Wednesday, 15 December 2010

Wheeler-dealers of fortune

The completely loathesome Pedro Espada, Jr., the outgoing Democratic Party leader of the New York state senate (yes, really) bit the pavement today in a richly deserved appearance at federal court. Espada [below right] & son are charged with embezzling scandalous sums from a Bronx health center dad helped found and then proceeded to loot for a decade. It’s too bad prosecutors took so many years to put an end to this clown’s shameless career, but at least they got around to it eventually.

Seeing the corrupt crash and burn is essential to the workings of democracy and, may I add, to capitalism, a detail largely forgotten by political ‘leaders’ of both parties these days as they maneuver to carry hod for the banker oligopoly. In the economics pages and blogs, which I read with great interest, there are more and more pleadings for someone, somewhere, to start slapping some subpoenas on the megacrooks who drove the economy into the ground and brought great suffering to millions.

Instead, the only criminal sent up the river from Wall Street is Bernie Madoff, who committed the highly punishable crime of stealing from the rich. But when Wall Street types themselves and a goodly portion of the economics profession are raising alarms about the future, it suggests something is deeply amiss.

Turning the capital markets into casinos has been great fun for the new ruling elite who now dominate our lives. The hurricane of financial manipulation will continue unchecked until the next meltdown, and the powerful will enjoy themselves immensely, thanks to the Republican mafia and its principal enabler, Barack O.

Now we have the hilarious spectacle of the Financial Crisis Inquiry Commission, another silly exercise in ‘bipartisanship’, now turning into a cat-foodfight along partisan lines.
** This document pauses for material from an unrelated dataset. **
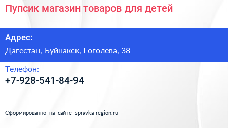 Пупсик, магазин товаров для детей по адресу Дагестан, Буйнакск, Гоголева, 38 в дальнейшем Организация, размещена в следующих категориях:

One cannot be amazed at anything these days, but the Republican idea of excising words like ‘Wall Street’ and ‘shadow banking’ from the consensus document is setting a new record for insanity, only surpassed by Obama’s latest Alzheimer moment in creating the damn bipartisan commission in the first place.

The estimable Yves Smith waxed particularly eloquent on the subject this morning:

Lordie, the Big Lie is with us in force.

The intent [of the Repub rewrite] is pretty transparent: to discredit an effort at fact-finding into the roots of the crisis by making it appear partisan and launching an alternative narrative to muddy the waters. And the reason is clear: . . . it appears that even lesser forms of criticism of the banksters must be sandbagged. . . .

This pathetic development shows how deeply this country is in thrall to lobbyists. But these so-called commissioners, who are really no more than financial services minions out to misbrand themselves as independent, look to have overplayed thier hand. This stunt shows more than a tad of desperation on the part of banks and their operatives in their excessive efforts block any remotely accurate, and therefore critical, report on the industry.

Perversely, this development may be a positive indicator on several fronts. . . . It may suggest that the banking industry is feeling more cornered than its continued high-handed posture might suggest. I continue to receive reports from industry insiders confirming that the biggest banks in the US are insolvent. The only sensible resolution of the mortgage mess involves deep principal mods, which will force the top four banks to write down their second mortgage books, blowing big holes in their balance sheets, and raising numerous, embarrassing questions (how could they and the Treasury defend paying back the TARP, much the less the level of 2009 and 2010 bonuses?)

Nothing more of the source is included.